The Lord will provide
Are we discouraged? Are there grounds for fear? Brothers and sisters, our great God has all these matters in hand. No more is inflicted upon us than is for our greater good. He has shortened the times of persecution for the sake of His Church. Speaking of just such times of trial our Lord Jesus says, ‘that except the Lord had shortened those days, no flesh should be saved. But for the elect’s sake, whom he hath chosen, he hath shortened the days’. Christ further confirms the enduring safety of His people, in that He shows the impossibility of deceiving the elect, and our security in His Father’s hand.

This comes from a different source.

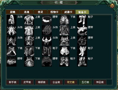 装备卡套装分类一览表: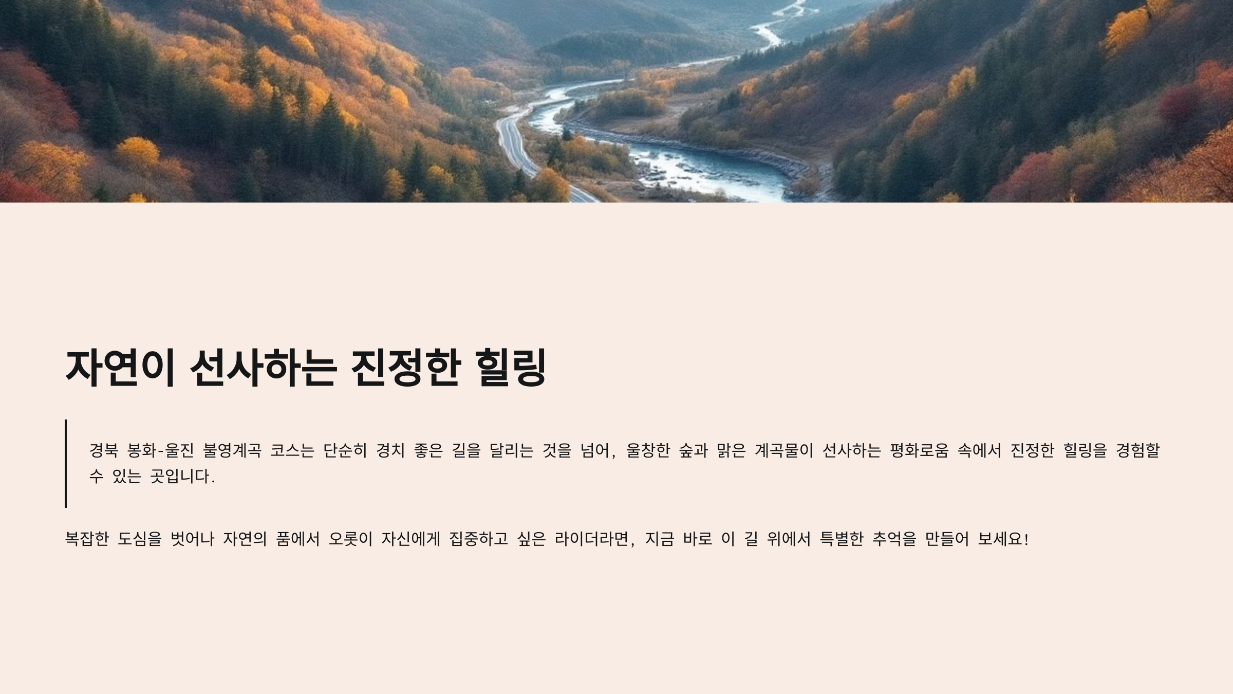 경북 봉화-울진 불영계곡 코스는 단순히 경치 좋은 길을 달리는 것을 넘어, 울창한 숲과 맑은 계곡물이 선사하는 평화로움 속에서 진정한 힐링을 경험할 수 있는 곳입니다. 복잡한 도심을 벗어나 자연의 품에서 오롯이 자신에게 집중하고 싶은 라이더라면, 지금 바로 이 길 위에서 특별한 추억을 만들어 보세요!

The Lord our Righteousness
There is no doubt and no question about the success of God’s purpose and pleasure. It is founded in Himself and established in the covenant of grace and peace, ‘ordered in all things and sure’. It is confirmed in the blood and righteousness of Christ, as a nail in a sure place, by whom our faith is upheld and our hope is secured. It is revealed through conversion for the people which are the heirs of promise; who are made willing, by the regenerating work of God the Spirit, according to Christ’s covenant engagements ‘in the day of his power’.
Looking unto Jesus
In our flesh we feel our weakness and it causes us shame. In our daily experience we confess to failure. What energises our personal happiness is not our successful Christian living but Christ’s successful death and knowing that God’s will to save and bless is not founded on any good in us. God’s will to save is not subject to change due to the failures of man. His will does not depend on anything good or bad in the objects of mercy but upon the successful accomplishments of the God-Man; the beloved Son in whom the Father is eternally well pleased.
Unconditional grace
The blessings given to the heirs of promise are not given because we deserve them, or withheld because we don’t. God’s distinguishing mercy is all of grace and so we are told, ‘For the children being not yet born, neither having done any good or evil, that the purpose of God according to election might stand, not of works, but of him that calleth; it was said the elder shall serve the younger’.
Rejoice in the Lord
By His own immutability the Lord our God maintains the counsel of His will. He has done everything to ensure the heirs of promise are redeemed by Christ, blessed in Christ and personally happy in their Saviour. Just as the Lord Jesus will be everlastingly happy in Himself and in the company of His Bride whom He loves and for whom He died, His Bride shall be everlastingly happy in Him. ‘For whom he did foreknow, he also did predestinate to be conformed to the image of his Son.’ ‘As he is so are we in this world.’
‘Fear not’
In His unchanging purpose and for His own good pleasure our God has provided everything needful for our salvation. He has granted to His elect sufficient grace for our present need and unalterable assurances for our future glory. For our day to day comfort and joy He has revealed to us the gospel of sovereign mercy and given to us promises of blessings to come in heaven. We have it all! We rejoice as the Lord’s people in the great truths of scripture and the doctrine of our immutable God. Dark as it may appear we face the future with comfort, hope and full assurance of faith. Christ has said, ‘Fear not little flock; for it is your Father’s good pleasure to give you the kingdom’ and, quite simply, we believe Him.